Métrica de error del clasificador RF:

  • Error tipo I (\(\alpha\)): 22.50%, indica el error que se comete clasificando una pérdida ‘severa’ como ‘no severa’
  • Error tipo II (\(\beta\)): 43.15%, indica el error que se comete clasificando una pérdida ‘no severa’ como ‘severa’
  • % mala clasificación (\(%mc\)) : 40.66%, indica el % de veces que el modelo clasifica incorrectamente las pérdidas
  • Accuracy = \(100 - %\): 59.34%, indica el % de veces que el modelo acierta clasificando las pérdidas
  • Area bajo la curva ROC \(AUC\): 0.6988, medida global del poder de clasificación del modelo
  • Finalmente calculamos la curva ROC junto con la métrica AUC

Resumiendo:

Una función útil para obtener rápidamente el análisis de un clasificador binario es la siguiente:

metricBinaryClass = function( fitted.model , dataset , cutpoint=NULL , roc.graph=TRUE){
  
  # fitted.model : The Binary Classification model that is under evaluation. If provided, dataset contains all variables in the fitted model (target and predictors).
  # dataset      : If fitted.model is not provided, dataset should has only two columns, predictions and labels.
  # cuttpoint    : potimal cutoff or cutpoint to be used to split continuous predictions into two response categories of target variable
  # roc.graph    : If true, ROC curve graph for the model is shown 
  
  #install.packages("binaryLogic")
  library(binaryLogic)
  
  if( missing(fitted.model) | is.null(fitted.model) ){
    
    tabl  <- as.data.frame(dataset)
  } 
  
  else {
    if( class(fitted.model)[1] %in% c('glm','lm','randomForest.formula','randomForest') ){
      tabl.pred <- as.data.frame(predict( fitted.model, newdata = dataset ))
      tabl <- as.data.frame(cbind(tabl.pred[[1]], dataset[,'Y'] )) 
      tabl <- tabl[!is.na(tabl[[1]]),]
    }
    if( class(fitted.model)[1] %in% c("gbm") ){
      tabl.pred <- as.data.frame(predict.gbm( fitted.model , newdata = dataset , n.trees = 5000 , type="response" ))
      tabl <- as.data.frame(cbind(tabl.pred[[1]], dataset[,'Y'] )) 
      tabl <- tabl[!is.na(tabl[[1]]),]
    }
    if( class(fitted.model)[1] %in% c('svm.formula','svm') ){
      tabl.pred <- as.data.frame(predict( fitted.model, newdata = dataset ))
      ids_NAs <- na.index(dataset)
      tabl <- as.data.frame( cbind(tabl.pred[[1]], dataset[-ids_NAs,'Y']) ) 

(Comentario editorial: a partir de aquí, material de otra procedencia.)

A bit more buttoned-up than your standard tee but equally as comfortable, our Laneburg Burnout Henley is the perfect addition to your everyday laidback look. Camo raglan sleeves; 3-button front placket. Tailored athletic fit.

      tabl <- tabl[!is.na(tabl[[1]]),]
    }
  }
  colnames(tabl) <- c('predicted','actual')
  
  # ROCR objects
  require(ROCR)
  obj.pred <- prediction(tabl$predicted,tabl$actual)

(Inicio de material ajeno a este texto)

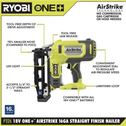 ryobi, 1,5 ah pil ve şarj cihazıyla birlikte 18v one+ 16 kalibre kablosuz hava saldırılı son işlem çivi çakma makinesini tanıtıyor. Bu son çivi çakma makinesi, gürültülü kompresörlere, hacimli hortumlara veya pahalı gaz kartuşlarına olan ihtiyacı ortadan kaldıran hava saldırısı teknolojisine sahiptir. bu, şantiyede daha hızlı kurulum ve kolay manevra kabiliyeti anlamına gelir. Bu düz yüzeyli çivi çakma makinesi, sert ağaçlarda 2-1/2 inç’e kadar çivileri batırma kapasitesine sahiptir. Alet gerektirmeyen tahrik derinliği ayarı, çivi başlarının uygun şekilde ayarlanmasına olanak tanır. Bu çivi çakma makinesi, şarj başına 1.000’e kadar çivi batırarak uzun süreli sürekli çalışmaya olanak tanır. ayrıca p325’e kıyasla dar noktalara erişim ve üstün tahrik kalitesi için %78 daha küçük bir burun sunar. ayrıca hava basıncı hızını ayarlamak için kullanışlı bir ayar kadranı da bulunmaktadır.optimum performans. Taç kalıplama, süpürgelik ve dış kaplama için harika olan bu son çivi çakma makinesi, her marangoz veya diyer’in alet koleksiyonuna mükemmel bir katkıdır. birlikte verilen pil ve şarj cihazı tüm ryobi 18v one+ araçlarıyla uyumludur. Bu kit, ryobi 3 yıllık üretici garantisiyle desteklenmektedir ve 2 adet bozulmayan ped, 1,5 ah pil, 18v şarj cihazı ve kullanım kılavuzları içerir.

  obj.perf <- performance(obj.pred,"tpr","fpr")
  obj.auc  <- performance(obj.pred,"auc")@y.values[[1]]
  # For ROC curve:
  obj.perf@alpha.values[[1]][obj.perf@alpha.values[[1]]==Inf] <- max(obj.perf@alpha.values[[1]][obj.perf@alpha.values[[1]]!=Inf])
  # KS criteria
  KS.matrix= cbind(abs(obj.perf@y.values[[1]]-obj.perf@x.values[[1]]), obj.perf@alpha.values[[1]])
  # KS cutoff
  # colnames(KS.matrix) <- c("KS-distance","cut-point")

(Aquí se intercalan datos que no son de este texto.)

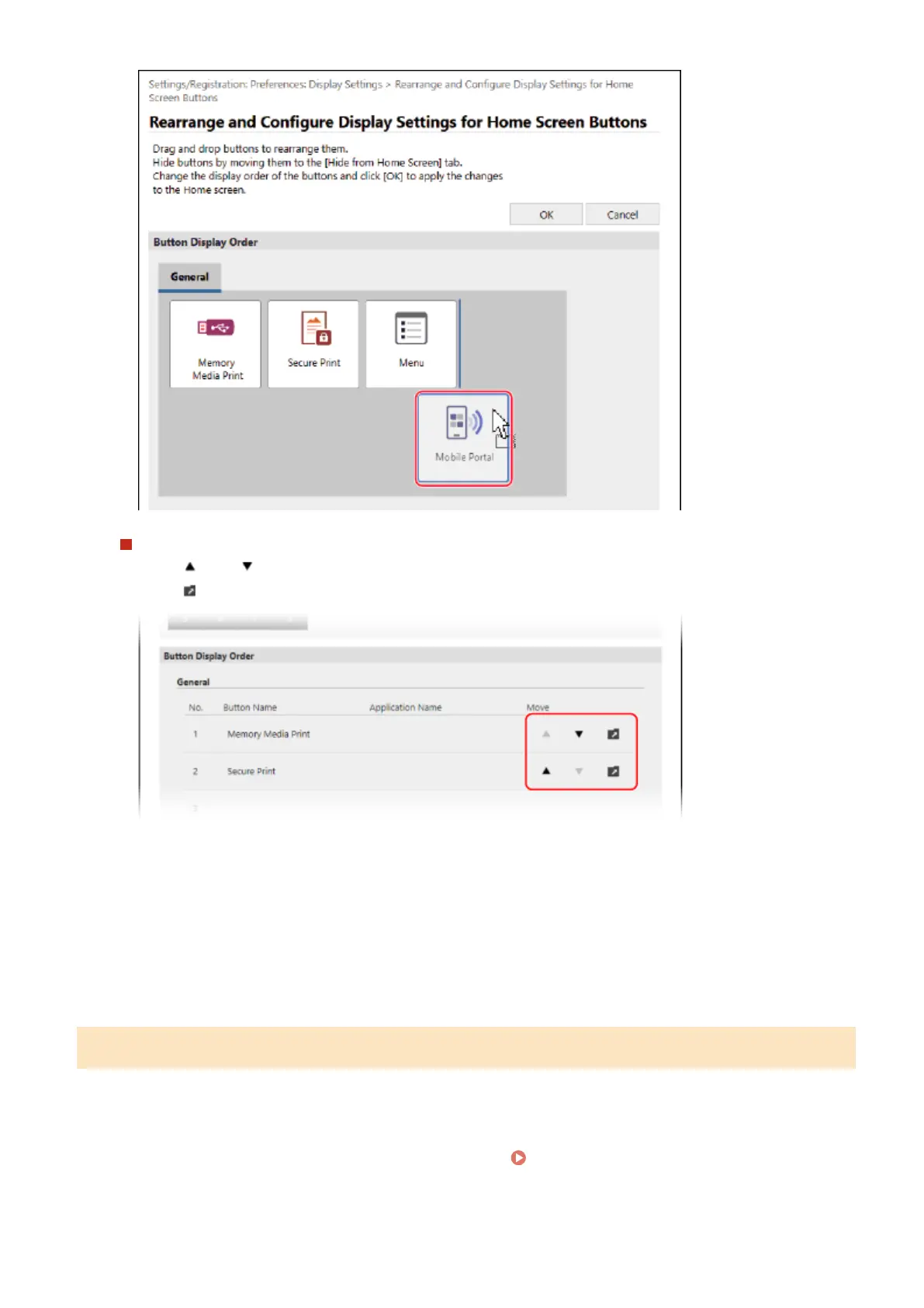Click [ ] or [ ] next to the name of the button you want to rearrange to move the button up or down.

  ind.ks  <- sort( KS.matrix[,1] , index.return=TRUE )$ix[nrow(KS.matrix)] 
  
  if( missing(cutpoint) | is.null(cutpoint) ) cutpoint <- KS.matrix[ind.ks,2]
  
  if( !(is.binary(tabl)) ){
    
    # Make predictions objs.
    # Binary metrics 
    tp = sum( tabl$predicted  >  cutpoint & tabl$actual >  cutpoint)
    fp = sum( tabl$predicted  >  cutpoint & tabl$actual <= cutpoint)
    tn = sum( tabl$predicted  <= cutpoint & tabl$actual <= cutpoint)
    fn = sum( tabl$predicted  <= cutpoint & tabl$actual >  cutpoint) 
    pos = tp+fn
    neg = tn+fp
    acc=  100*(tp+tn)/(pos+neg)
    prec= 100*tp/(tp+fp)
    sens= 100*tp/(tp+fn) # = tpr = recall = 1 - error alpha
    spec= 100*tn/(tn+fp) # 1- error beta
    fpr = 100*fp/neg  # error beta (tipo II) = 1 - spec
    fnr = 100*fn/pos  # error alpha (tipo I) = 1- recall = 1- sens
  }
  
  if( is.binary(tabl) ){
    
    tp = sum( tabl$predicted  == 1 & tabl$actual == 1)
    fp = sum( tabl$predicted  == 1 & tabl$actual == 0)
    tn = sum( tabl$predicted  == 0 & tabl$actual == 0)
    fn = sum( tabl$predicted  == 0 & tabl$actual == 1) 
    pos = tp+fn
    neg = tn+fp
    acc=  100*(tp+tn)/(pos+neg)
    prec= 100*tp/(tp+fp)
    sens= 100*tp/(tp+fn) # = tpr = recall = 1 - error alpha
    spec= 100*tn/(tn+fp) # 1- error beta
    fpr = 100*fp/neg  # error beta (tipo II) = 1 - spec
    fnr = 100*fn/pos  # error alpha (tipo I) = 1- recall = 1- sens
  }  
  
  if(roc.graph==TRUE){
    win.graph()
    plot( obj.perf  , col='red' , lwd=2, type="l",xlab="Tasa de falsos positivos" , ylab="Tasa de verdaderos positivos", main="Curva ROC modelo clasificación")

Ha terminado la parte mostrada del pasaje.